DATA SUPPLIED:
'''
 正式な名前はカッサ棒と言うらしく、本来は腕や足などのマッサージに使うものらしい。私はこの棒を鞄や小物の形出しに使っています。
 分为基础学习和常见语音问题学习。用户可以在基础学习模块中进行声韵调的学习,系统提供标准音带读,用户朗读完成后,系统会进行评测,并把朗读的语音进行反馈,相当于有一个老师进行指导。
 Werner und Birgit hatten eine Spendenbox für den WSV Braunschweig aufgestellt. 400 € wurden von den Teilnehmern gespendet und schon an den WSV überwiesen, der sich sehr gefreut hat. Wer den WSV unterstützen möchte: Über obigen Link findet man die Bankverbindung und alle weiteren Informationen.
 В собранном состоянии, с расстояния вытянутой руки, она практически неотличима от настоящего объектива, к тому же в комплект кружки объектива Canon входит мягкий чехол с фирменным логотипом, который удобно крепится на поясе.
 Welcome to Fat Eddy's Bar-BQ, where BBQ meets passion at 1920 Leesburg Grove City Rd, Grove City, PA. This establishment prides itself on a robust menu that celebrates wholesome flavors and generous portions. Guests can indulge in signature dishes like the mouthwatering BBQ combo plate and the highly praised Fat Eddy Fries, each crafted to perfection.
'''
'''
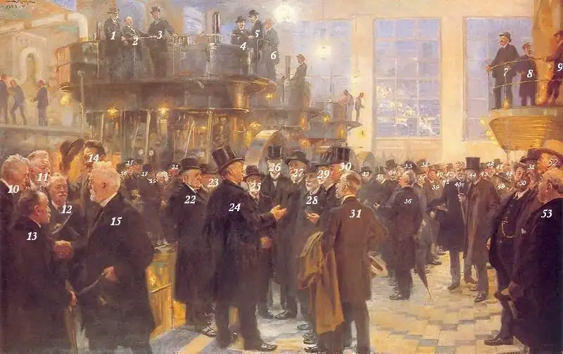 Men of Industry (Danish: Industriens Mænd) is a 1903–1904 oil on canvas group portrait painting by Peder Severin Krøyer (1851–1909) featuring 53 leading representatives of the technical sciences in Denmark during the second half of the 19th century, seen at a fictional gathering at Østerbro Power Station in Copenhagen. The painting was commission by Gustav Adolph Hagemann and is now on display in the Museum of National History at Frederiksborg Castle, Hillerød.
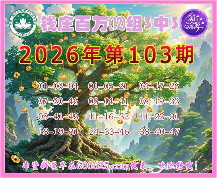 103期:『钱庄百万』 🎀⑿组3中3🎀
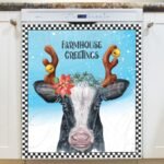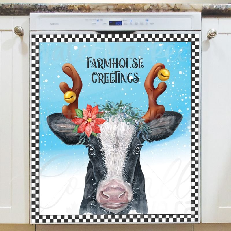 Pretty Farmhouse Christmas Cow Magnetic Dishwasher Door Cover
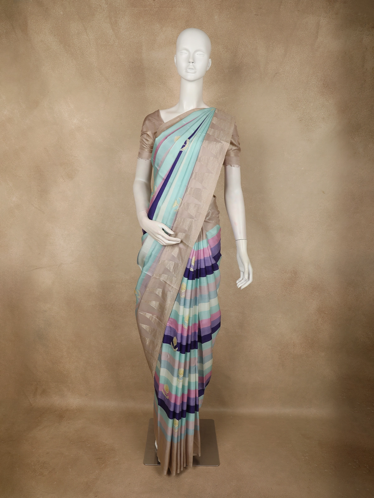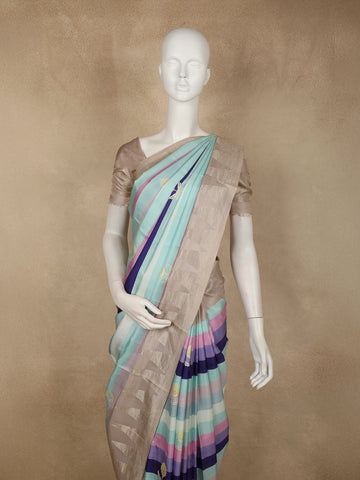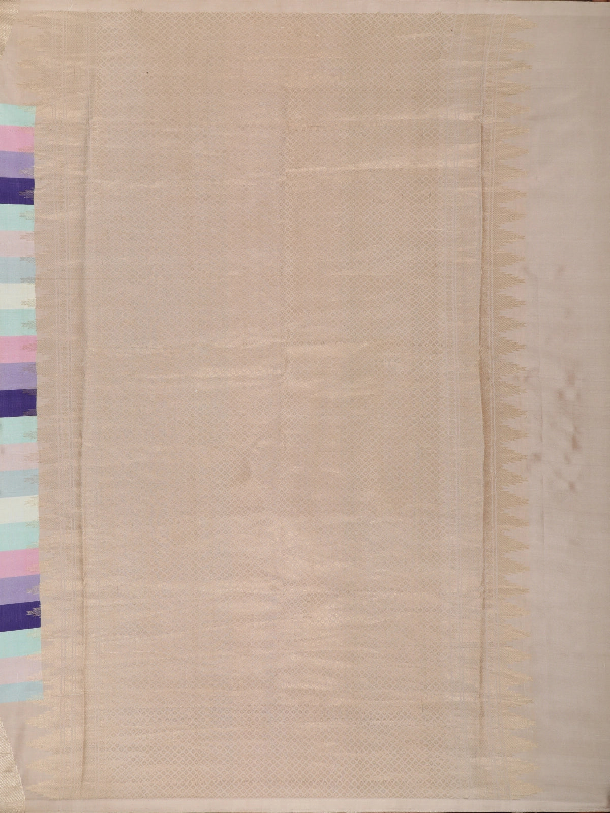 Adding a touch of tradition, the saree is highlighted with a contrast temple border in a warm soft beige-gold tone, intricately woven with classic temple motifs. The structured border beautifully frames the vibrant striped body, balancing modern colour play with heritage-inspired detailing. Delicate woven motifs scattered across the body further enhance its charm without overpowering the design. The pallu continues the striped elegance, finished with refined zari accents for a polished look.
'''
TASK: Look above for the line with "分为基础学习和常见语音问题学" and the line with "Welcome to Fat". Retype those two lines and every line between them exactly, adding nothing.

SOLVED PROBLEM:
 分为基础学习和常见语音问题学习。用户可以在基础学习模块中进行声韵调的学习,系统提供标准音带读,用户朗读完成后,系统会进行评测,并把朗读的语音进行反馈,相当于有一个老师进行指导。
 Werner und Birgit hatten eine Spendenbox für den WSV Braunschweig aufgestellt. 400 € wurden von den Teilnehmern gespendet und schon an den WSV überwiesen, der sich sehr gefreut hat. Wer den WSV unterstützen möchte: Über obigen Link findet man die Bankverbindung und alle weiteren Informationen.
 В собранном состоянии, с расстояния вытянутой руки, она практически неотличима от настоящего объектива, к тому же в комплект кружки объектива Canon входит мягкий чехол с фирменным логотипом, который удобно крепится на поясе.
 Welcome to Fat Eddy's Bar-BQ, where BBQ meets passion at 1920 Leesburg Grove City Rd, Grove City, PA. This establishment prides itself on a robust menu that celebrates wholesome flavors and generous portions. Guests can indulge in signature dishes like the mouthwatering BBQ combo plate and the highly praised Fat Eddy Fries, each crafted to perfection.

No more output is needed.